Девочки дружно уставились на меня, потом зашептались и стали пинать друг друга локтями, выясняя, кто же будет меня просвещать. Потом договорились, и та, что Оля стала пояснять, а Поля ей помогать.

— Водяной — это настоящий водяной…

— …Местный хозяин вод. Он над нами и прочими водными обитателями командует. Рыб пасет, старицы и запруды сооружает.

— А мы мавки, русалки, водяницы[8], бродницы, и прочие жители вод — все у него в подчинении. Все опять как-то закружилось и поплыло перед моими глазами, захотелось срочно хлебнуть еще самогону, для успокоения нервов.

— Вы кто?…

— Мы — мавки, — хором сказали девочки, и, словно прочитав мои мысли, сунули мне в руки ту саму кружку с самогоном. Хорошо пошел!

— А тот, в красных сапогах, кто?

— Батько Леший. Он раньше, когда ваша бабушка была жива, помогал ей за лесными жителями присматривать.

— А моя бабушка, она тогда кто?

— Да не пугайтесь вы. Ведунья она была, потомственная ведунья. И вы тоже ведунья, потому нас всех и видите.

Я с тоской посмотрела в кружку. Самогона в ней больше не было. Что-то мелкое и волосатое быстро пробежало по столу, волоча на спине бутыль с жидкостью. Оно подбежало, ловко наполнило мою кружку и побежало дальше. Еще немножко выпила, для успокоения нервов.

— А этот с бутылкой кто?

— Бука[9]. Ой, все, мне больше, кажется, пить нельзя. Надо срочно закусывать. Оглядела стол. Чего на нем только не было… Грибочки разные: и жареные, и соленые, рыбка нескольких видов, холодец, … В моей голове крутилось: «Почки заячьи верченые, головы щучьи с чесноком, икра черная, икра красная и икра заморская баклажанная…» В центре стола возлежал гусь, царь-птица в венце из антоновских яблок, усыпанная рубиновыми градинками клюквы. Мохнатые ручки водрузили по обе стороны от гуся два блюда с колдунами[10].

— Ой, совсем как у бабушки! — вырвалось у меня. И я начала глазами шарить по столу в поисках вилки или ложки, ну не руками же мне лезть, третье тысячелетие на дворе как-никак. И тут оказалось, что вилка уже у меня в руке, не иначе кто-то вложил. Я подцепила румяный колдунчик, откусила, предварительно подув.

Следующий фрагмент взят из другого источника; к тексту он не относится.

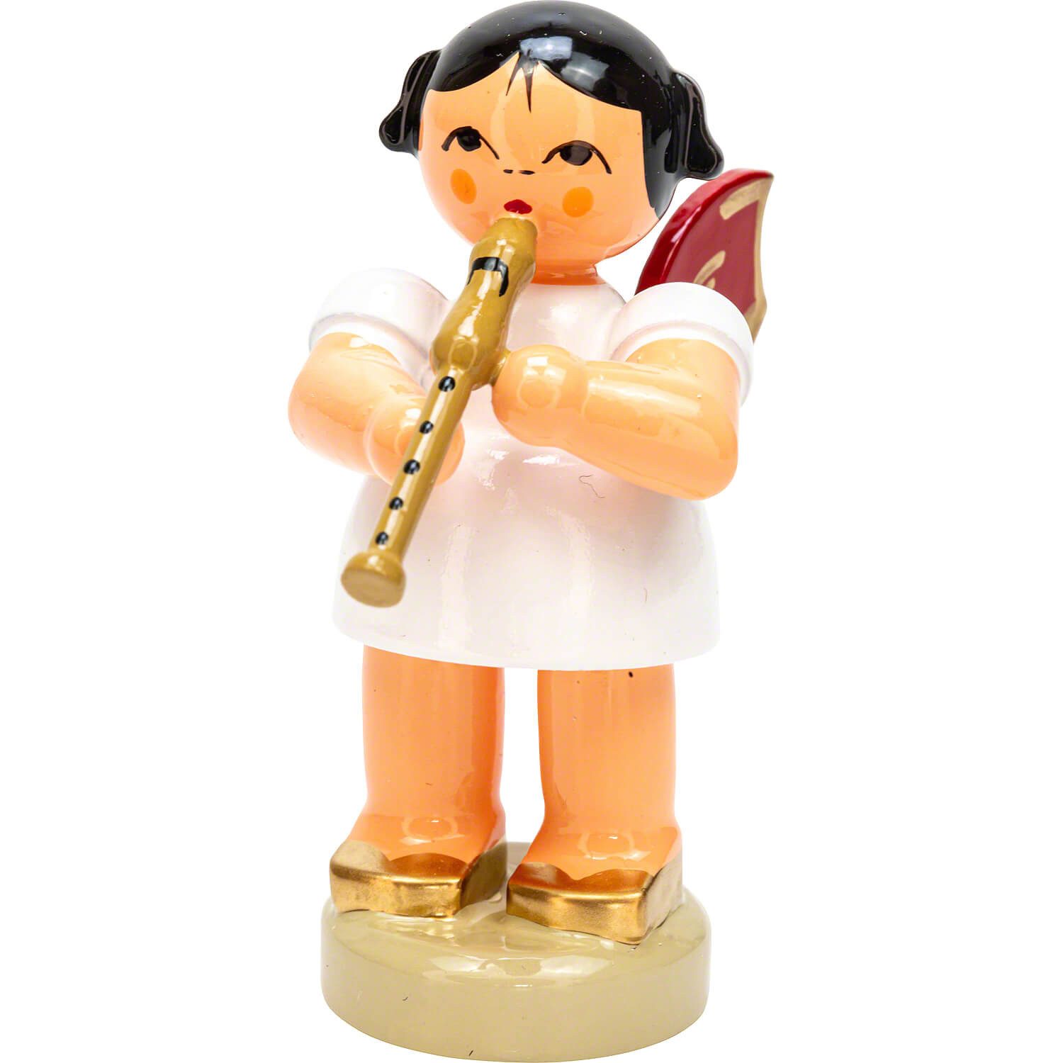 Dekofigur Engel mit Blockflöte - Rote Flügel - stehend (6cm) von Kunstgewerbe Uh
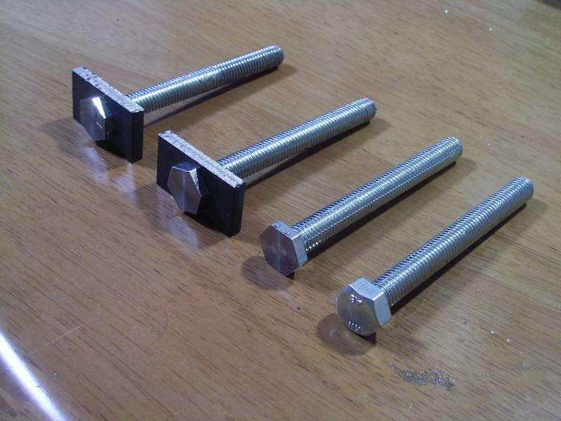 右から削る前、削ったもの、作ったTボルト ボルトの頭を削る フライスの台に物を固定するためのボルト Tボルト各種 穴空きブロックを使用するのに8mmのボルトを作成したのよ 使用状態

Его золотистая корочка захрустела…. Хорошо, хоть и не диетично.

— Ну-ка, дайте мне горло промочить, что ли? — это дядька Водяной подошел к столу. Ему тут же выставили персональную кружку размером с аккуратненький бочонок.

— За успех нашего победоносного мероприятия! Кружка была осушена в один глоток. Дядька подцепил себе изрядно холодца, но искал еще среди закусок еще что-то.

— Ну, где…где…. он? Бука шмякнул ему поверх холодца остро пахнущего хрена из горшочка. Водяной заглотил свою закуску, ухнул, передернул плечами.

— Действительно, ОН, — довольно покачал головой и отправился дальше руководить мероприятием. Плотно закусив, я пришла к неутешительному выводу. Я с ума не сошла и я не сплю. Ни в сумасшедшем доме, ни во сне ТАК не кормят. А то, что у нас в роду у женщин не все гладко, об этом я всегда помнила. И бабку мою за глаза все ведьмой называли, даже моя мама, хотя невестки своих свекровей и не так называют. От сих мрачных размышлений меня отвлекло подергивание рукава. Нехотя повернулась. У стола стояла целая делегация бородатых карликов в разномастной одежке. Старший из них держал в руках какую-то бумагу.

— Многоуважаемая ведунья, мы к Вам с челобитной…, — этого еще не хватало, и мне в нос бумагой своей тычет. Пришлось взять. Развернула… м-да-м… дальше первых двух слов прочитать не могла. Челобитную мне подали написанную красивым старинным шрифтом и, кажется, на старославянском. Свернула сей образец народного волеизъявления и посмотрела на коротышек строгим взглядом.

— Так вы чего просите-то?

— Мы, уважаемая ведунья, хотим попросить у вас разрешения на эмиграцию. А то Батько Леший нам уехать не разрешает, говорит, что мы «традиции нарушаем». Ежели вы нашей молодежи разрешите уехать, то мы все дружно за вас проголосуем.

— А вы… — я сделала круговой жест рукой, — это кто? Мужичок посмотрел на меня недоуменно, а потом сообразил:

— Мы — это домовые[11], волосатки[12], банники[13], овинники[14], дворовые[15] и прочая нечисть, что завсегда среди людей жила и от них питалась. Люди уехали, дома остались… Мы все надеялись, что люди обратно вернутся, но вот… Старики-то тут останутся, век доживать, а молодежь надо к делу приставлять, и жить им негде. Делегация коротышек загудела, одобряя слова челобитчика, некоторые шмыгали носами и плакали. А я подумала, как, наверное, им тут плохо, одним, без людей, в пустых холодных домах. И я словно во сне проговорила:

— Разрешаю вам покинуть пределы заповедника и переселиться к людям. Делегация радостно зашумела, а от свернутой челобитной пошел дымок, она вспыхнула и загорелась синим, не обжигающим руки пламенем. Пшик… и только пепел от нее остался, и тот унес легкий ветерок.

— Да будет так! — громко провозгласил челобитчик, и толпа просителей как-то быстро испарилась.

— Девочки, а про какие выборы тут говорят?

— Так пока Вы в силу не вошли и сюда не приехали, всеми делами Батько Леший заведовал. Его на эту должность общим собранием выбрали, ведуньи то не было, а порядок поддерживать надо, — оправдывались мавки.

— Теперь-то как Вы появились, так вам прямая дорога нами править, как испокон веков было.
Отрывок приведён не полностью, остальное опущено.